超音波ナノ結晶表面改質および電解プラズマ表面改質技術によるAISI 52100鋼の表面硬化と耐摩耗性に関する研究

A Study on Surface Hardening and Wear Resistance of AISI 52100 Steel by Ultrasonic Nanocrystal Surface Modification and Electrolytic Plasma Surface Modification Technologies.

抄録

本研究では、AISI52100軸受鋼の表面硬化を超音波ナノ結晶表面改質（UNSM）および電解プラズマ熱環表面改質（EPSM）により行い、耐摩耗性に及ぼす影響について検討した。これらの処理が耐摩耗性に及ぼす影響を評価するため、ASTM G99に準拠したボールオンディスク型トライボメータを用いて、乾燥条件下での摩擦試験を実施した。処理前後の試料の微細構造を走査型電子顕微鏡で観察した。また、ビッカース硬度計を用いて、上面からの深さに対する微小硬度を測定した。組織観察の結果、EPSM処理では表面層に残留オーステナイトが形成され、UNSM処理では試料表面に表面強塑性変形層が形成された。処理層の微小硬度の増加は、室温でのUNSM処理後と、異なるサイクルでのEPSM処理後に確認された。耐摩耗性が最も向上したのは，700 ℃でUNSM処理を行い，EPSM処理を5サイクル行った試料であった．さらに，摩擦係数や硬さと相関のある摩耗量を測定した．

In this study, a surface hardening of AISI 52100 bearing steel was performed by ultrasonic nanocrystal surface modification (UNSM), and electrolytic-plasma thermo-cyclic surface modification (EPSM), and their effects on the wear resistance were investigated.
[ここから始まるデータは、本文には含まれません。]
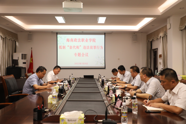 2023年5月8日,海南政法职业学院召开抵制“套代购”违法犯罪行为专题会议,传达海南省关于打击治理离岛免税“套代购”走私的相关工作部署以及会议精神,对学院开展抵制“套代购”违法犯罪行为工作进行再动员再部署。本次会议由党委副书记翁平主持,学生处、后勤处、系部等有关同志参加。
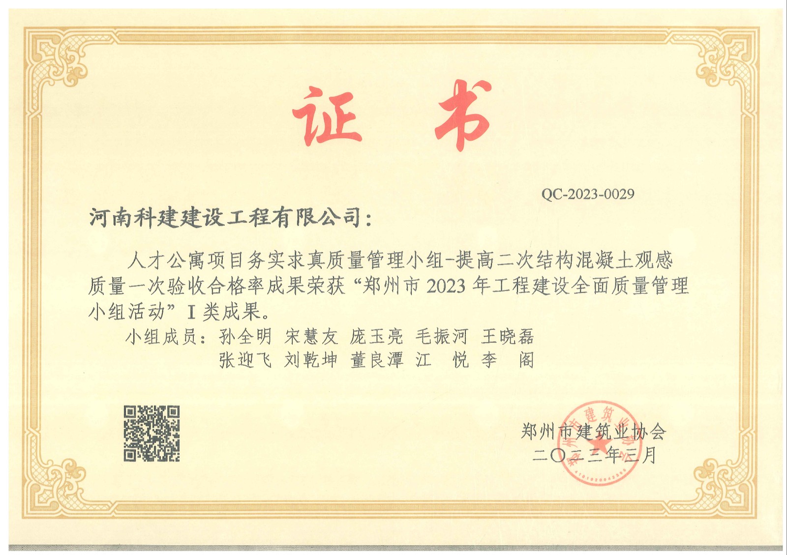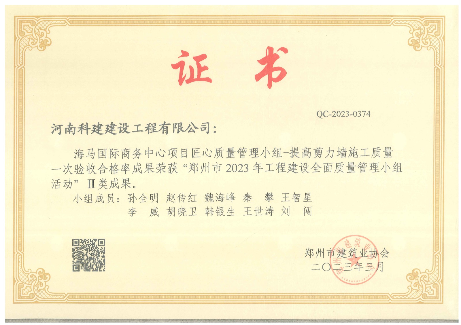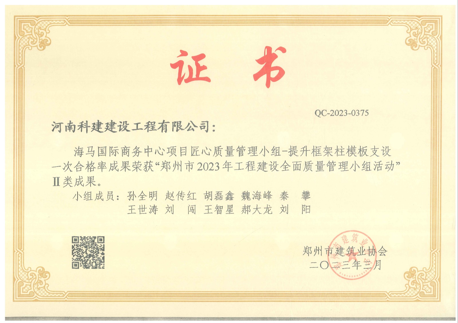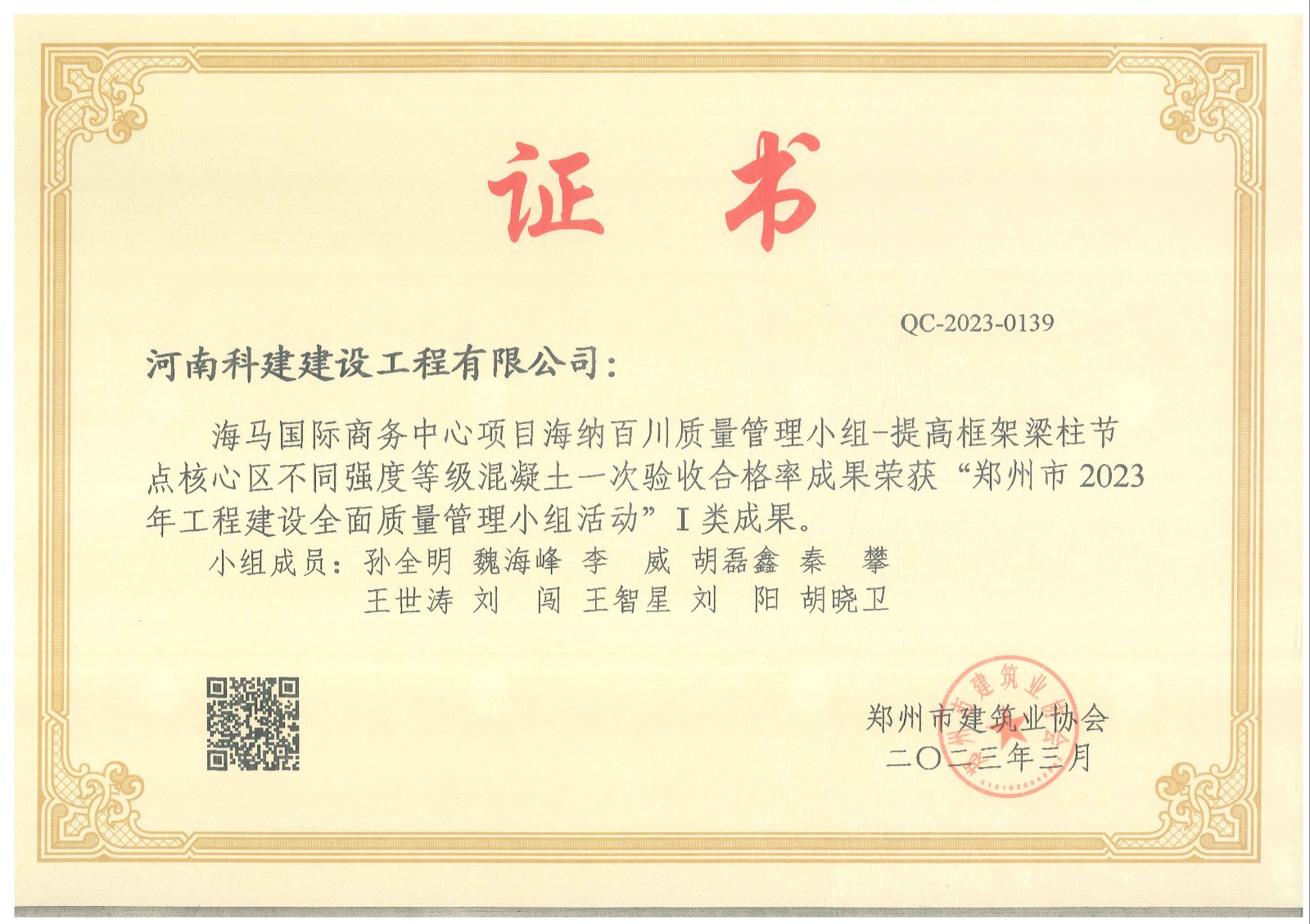 最终我公司海马国际商务中心项目荣获郑州市2023年工程建设全面质量管理优秀QC成果一类成果奖1项,二类成果奖2项。恒大赵村安置区项目荣获一类成果奖1项。经开区人才公寓项目项目荣获一类成果奖1项。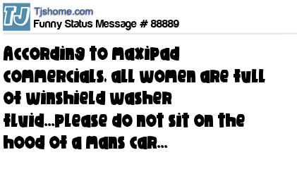 X is According to maxipad commercials, all women are full of winshield washer fluid...please do not sit on the hood of a mans car...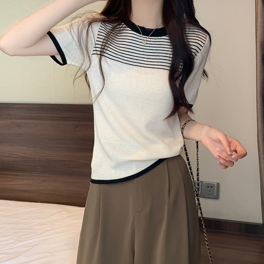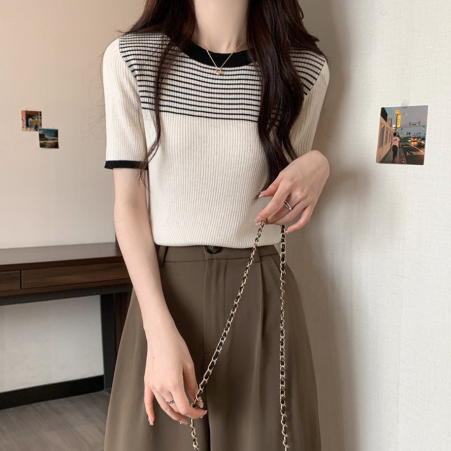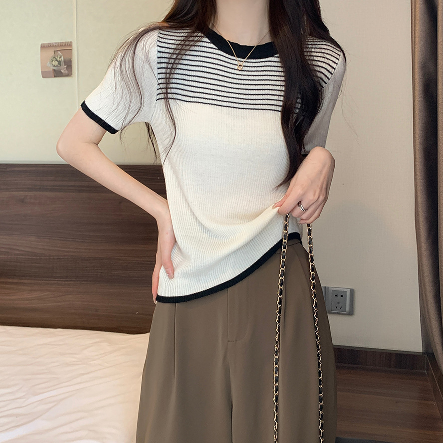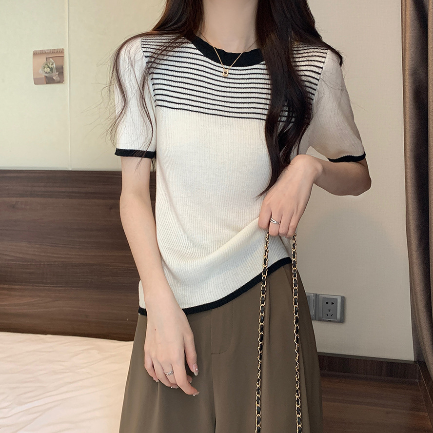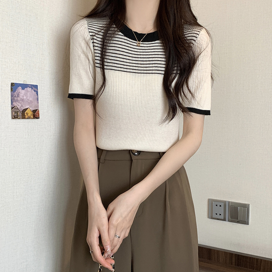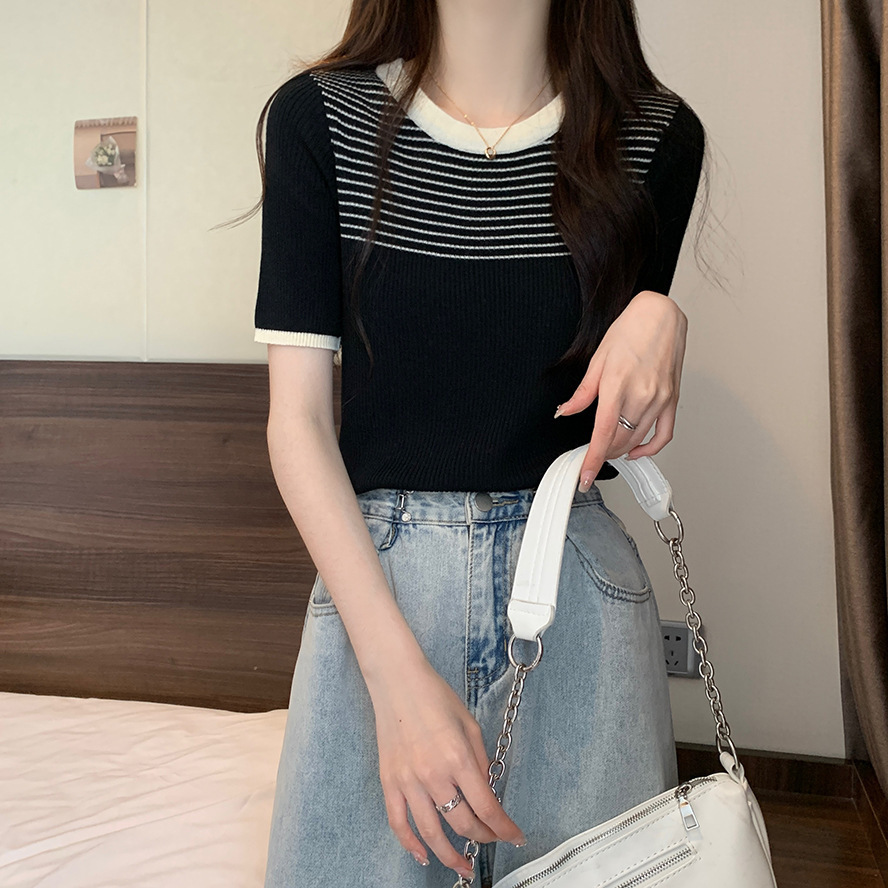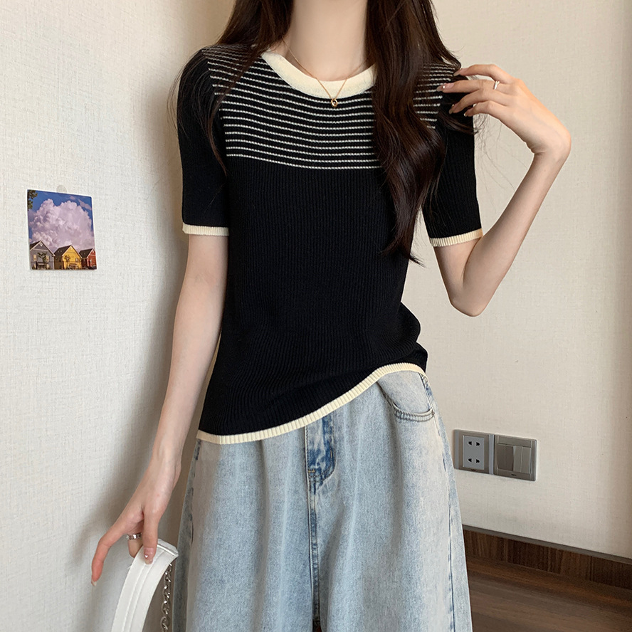 여름 새로운 한국 스타일 세련된 디자인 레트로 콘트라스트 컬러 티셔츠 캐주얼 올매치 반팔 스트레치 허리 탑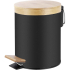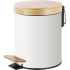 Бял метален кош за отпадъци с бамбуков капак, 5л

To evaluate the impact of these treatments on the wear resistance, the friction tests under dry conditions were conducted using a ball-on-disk tribometer in accordance with ASTM G99. The microstructure of the samples before and after treatment was characterized by scanning electron microscopy. The micro-hardness with respect to the depth from the top surface was measured using a Vickers micro-hardness tester. Microstructural observations showed that EPSM treatment led to the formation of residual austenite in the surface layer, while UNSM treatment led to the formation of a surface severe plastic deformation layer on the surface of the samples. The increase in the micro-hardness of the treated layer was confirmed after UNSM at room temperature and after EPSM at different cycles. The highest increase in wear resistance was observed for the specimen treated by UNSM treatment at 700 °C and five cycles of EPSM treatment. In addition, the wear volume, which has correlation with the friction coefficient and hardness, was determined.